| ABOUT THIS TASK |
Return the whole listing exactly, omitting the pictures.

| AVAILABLE DATA |
[Start of section]

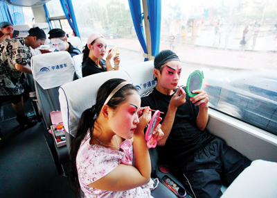 6月21日,婺城区婺剧促进会赴东阳开展交流演出活动。天空还算作美,晚上6点开始,大雨渐止,时不时的毛毛细雨并没有影响到大家的兴致。化妆、搭台、布置,40多名演职人员各司其职,紧张而有序地进行着演出前的准备工作。“这是我们第一次到东阳演出,一定要拿出最好的状态来。”白龙桥青年婺剧团团长倪秋花对所有的演员说。
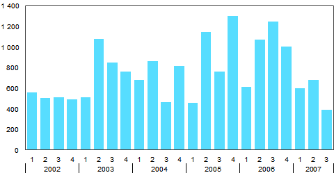 - Valtion takaukset kolmas neljännes 2007, milj. euroa (21.11.2007)
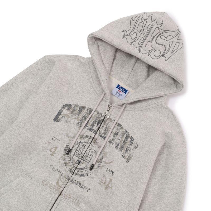 A collab, que já se tornou um marco no streetwear brasileiro, apresenta uma coleção que re-interpreta o legado de sportswear centenário da Champion com a linguagem contemporânea da Sufgang. Peças com inspiração “college”, gráficos sombrios e tipografia gótica estampam camisetas, moletons, calças, bermudas, boné, com uma paleta de cores sóbria: preto, branco e mescla. As peças tem decorações bordadas e silkadas com a técnica já característica da Sufgang de "glow in the dark”.

[End of section]

| RESPONSE AREA |
 6月21日,婺城区婺剧促进会赴东阳开展交流演出活动。天空还算作美,晚上6点开始,大雨渐止,时不时的毛毛细雨并没有影响到大家的兴致。化妆、搭台、布置,40多名演职人员各司其职,紧张而有序地进行着演出前的准备工作。“这是我们第一次到东阳演出,一定要拿出最好的状态来。”白龙桥青年婺剧团团长倪秋花对所有的演员说。
 - Valtion takaukset kolmas neljännes 2007, milj. euroa (21.11.2007)
 A collab, que já se tornou um marco no streetwear brasileiro, apresenta uma coleção que re-interpreta o legado de sportswear centenário da Champion com a linguagem contemporânea da Sufgang. Peças com inspiração “college”, gráficos sombrios e tipografia gótica estampam camisetas, moletons, calças, bermudas, boné, com uma paleta de cores sóbria: preto, branco e mescla. As peças tem decorações bordadas e silkadas com a técnica já característica da Sufgang de "glow in the dark”.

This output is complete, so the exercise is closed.